As a team of behavioral scientists, we started the project by recruiting a team of experts in Black infant and maternal health – including local WIC staff, health equity strategists, and facilitators in Black infant and maternal health programs – to provide feedback on our research and designs at various points in our process. This team of experts not only shared valuable insights from their experience in the field, but also helped prepare us for thoughtful, compassionate, and well-informed conversations with participants.
When talking with both community experts and WIC participants, we created space for autonomy in how they engaged with us.
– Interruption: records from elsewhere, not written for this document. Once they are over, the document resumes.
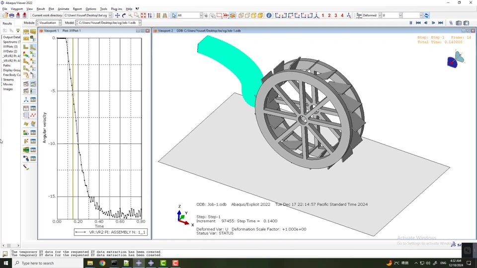 In this work, a traditional water wheel powered by flowing water is modeled. The simulation demonstrates how to use the SPH (Smoothed Particle Hydrodynamics) particle generation method to create water flow and study its interaction with the wheel.
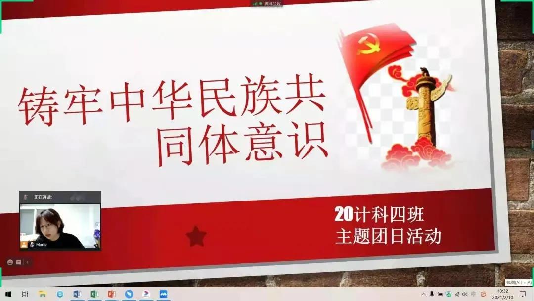 为帮助同学们进一步了解中华民族共同体意识,深入贯彻民族团结意识,二月中旬,计算机公司18级、19级以及20级各团支部于线上开展“铸牢中华民族共同体意识”主题团日活动。各团支部积极参与。
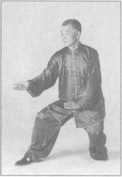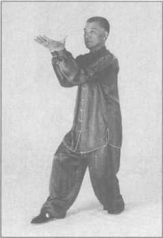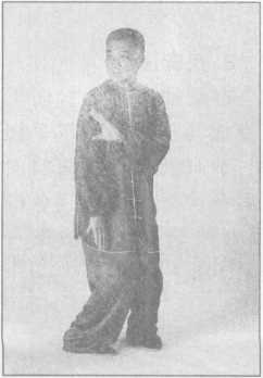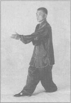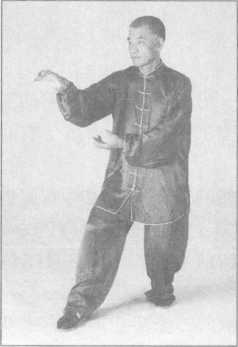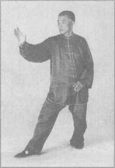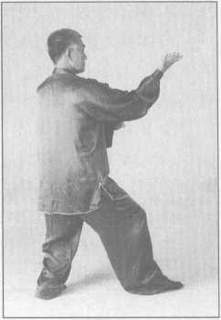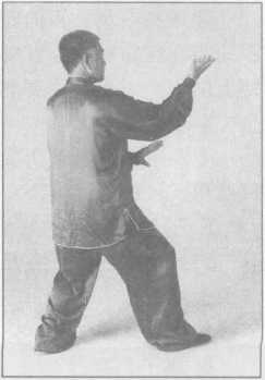(1)向右足的右前方上左足,左手自右臂下抓下,随之掌心向外置于腰后;右掌翻成 掌心向前,拇指向下时,经右肩上向面前推出,二目前视。(图3-4-74)
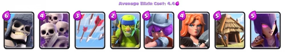 Данная колода будет полезна, если вы любите не нападать, а обороняться. Вам понадобится хижина гоблинов, а также гробница скелетов. Выставляйте их на одной половине поля и они будут давать постоянный прирост юнитов, что также усилит ведьму и гиганта.
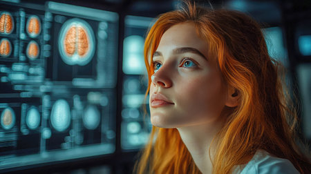 A young woman gazing thoughtfully at brain scans on a futuristic medical display. Technology and health care intersect in a modern lab environment.
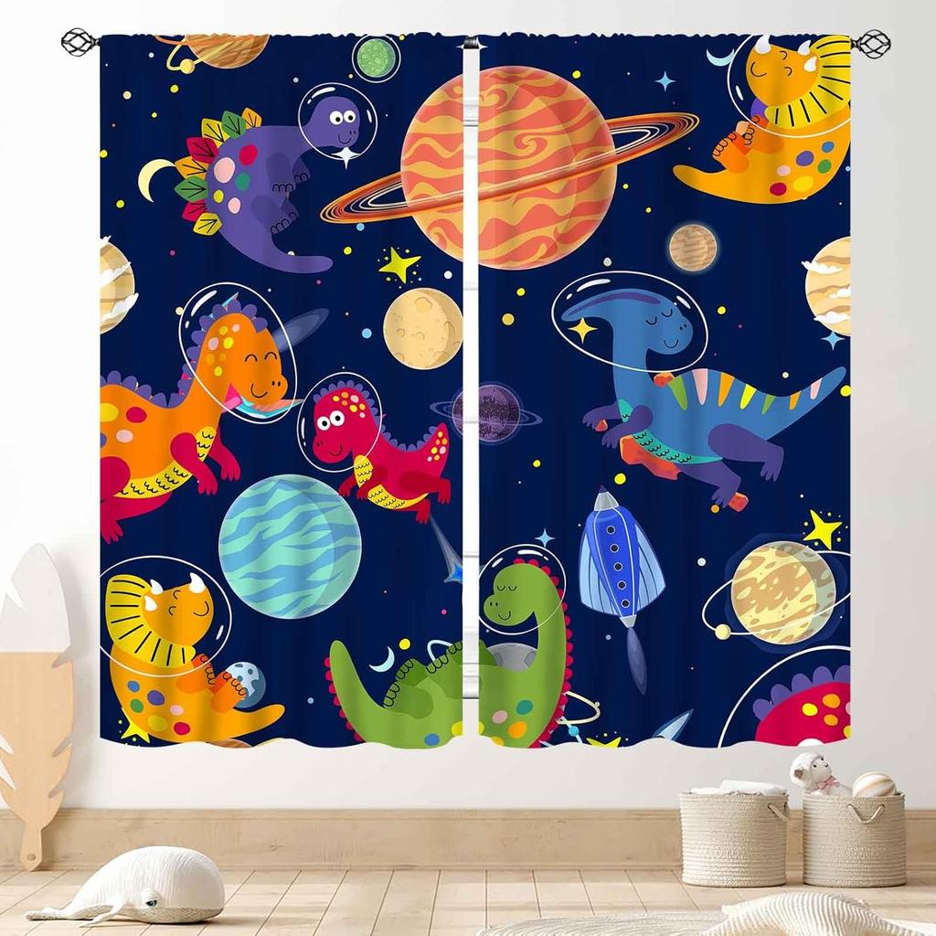 Dinosaur Curtains Boys Room Cartoon Dino Navy Blue Safari Animal Outer Space Planet Astronaut Theme Baby Window Curtain Blackout Polyester
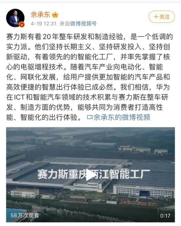 从余承东连发数条微博力赞赛力斯可以看出华为选择赛力斯作为合作伙伴的深刻原因。

We did this by both asking direct questions that helped fill in specific gaps in our own knowledge, and also inviting people to share their broad ideas, ask us questions, challenge us, and bring up what they thought we might be missing. As we expected, this pushed us to explore new directions for the appointment reminders we might not have otherwise considered, and ultimately, made our collective work stronger.
3) Listen to people
After identifying potential behavioral barriers using our previous research and work with WIC, we sought out the real experts – WIC participants. Because this work focused on designing specifically for barriers faced by Black families, we spoke with Black participants. Knowing that participants have valuable insights to share and have busy schedules to manage, we compensated them fairly for their time spent talking with us. When the pandemic forced us to conduct our conversations virtually rather than meet with participants at the WIC agency, we increased the stipend paid for interviews to cover the costs of scheduling a less convenient time to meet, as well as cover the costs of using data to connect from their personal electronic devices.
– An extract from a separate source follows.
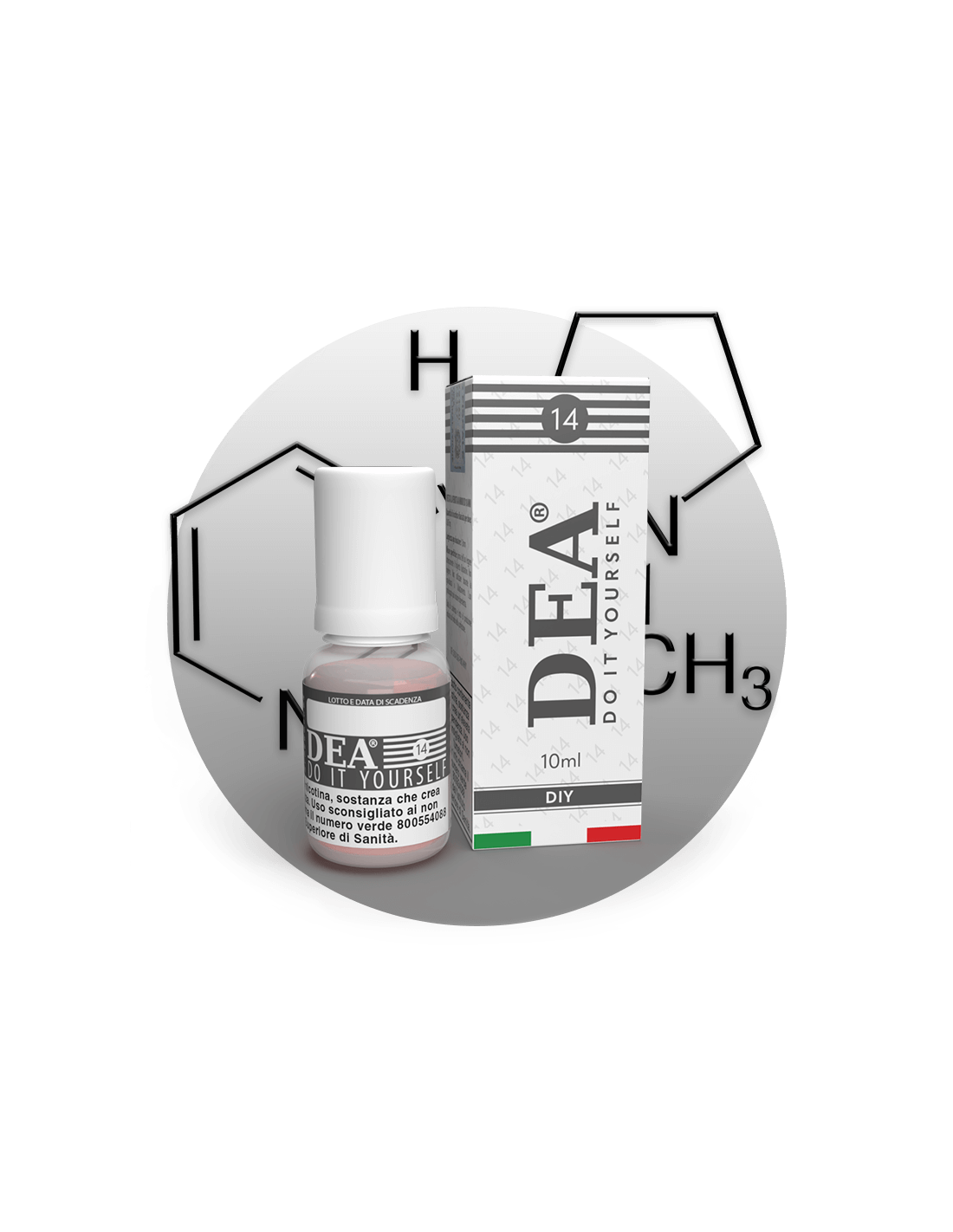 NicoShot Base DIY 14mg/ml 10ml - DEA, è composta da Glicerina Vegetale e da Glicole Propilenico di tipo Farmaceutico. Adatto per miscelare e nicotinizzare Aromi Concentrati, formati Shot, Mini Shot e Basi Neutre nella percentuale di nicotina che più preferisci.

Truly listening to participants means giving them an equal seat at the design table and acting on what we hear from them. In conversations with WIC participants, we learned that some of our own favorite appointment reminder designs did not resonate as well as we imagined they would. For instance, we shared designs with participants that centered on two key goals: instilling a sense of belonging with WIC, and making it easier to reschedule appointments. Although participants appreciated the efforts of WIC staff to make them feel like they belong when they are at the WIC agency, they felt strongly that text messages weren’t the right tool for addressing issues of belonging.
“We wouldn’t take that seriously. Even though it’s nice, it’s just like, whatever, if I can come, I can.”
– WIC Participant, West Oakland
Instead, what was most important to participants were messages that included a phone number in the message so they could more easily reschedule on the spot when necessary.
“When we need to reschedule, and we don’t see someone telling us we can, we just don’t want to deal with it. So, we just don’t do it. This [message] is calming. Even with this not being a real scenario, just seeing this, it made me feel better.”
– WIC participant, San Bernadino
After receiving this feedback from participants, we discarded messages aimed at fostering belonging, and advised our WIC partners to instead use appointment reminders addressing administrative hassles, like rescheduling appointments.
A continuous process
Going forward, we plan to draw out more insights from this work and our other public benefits work to help generate more transformative change through policy design with our forthcoming policy lab, and plan to continue working toward safety net improvements that will help programs like WIC better serve all families with an equity-focused approach.
These three principles and our experience implementing them in California are by no means an exhaustive guide for integrating a focus on designing for equity into behavioral design work. Instead, we hope to be a resource and ongoing partner in refining approaches to designing for equity.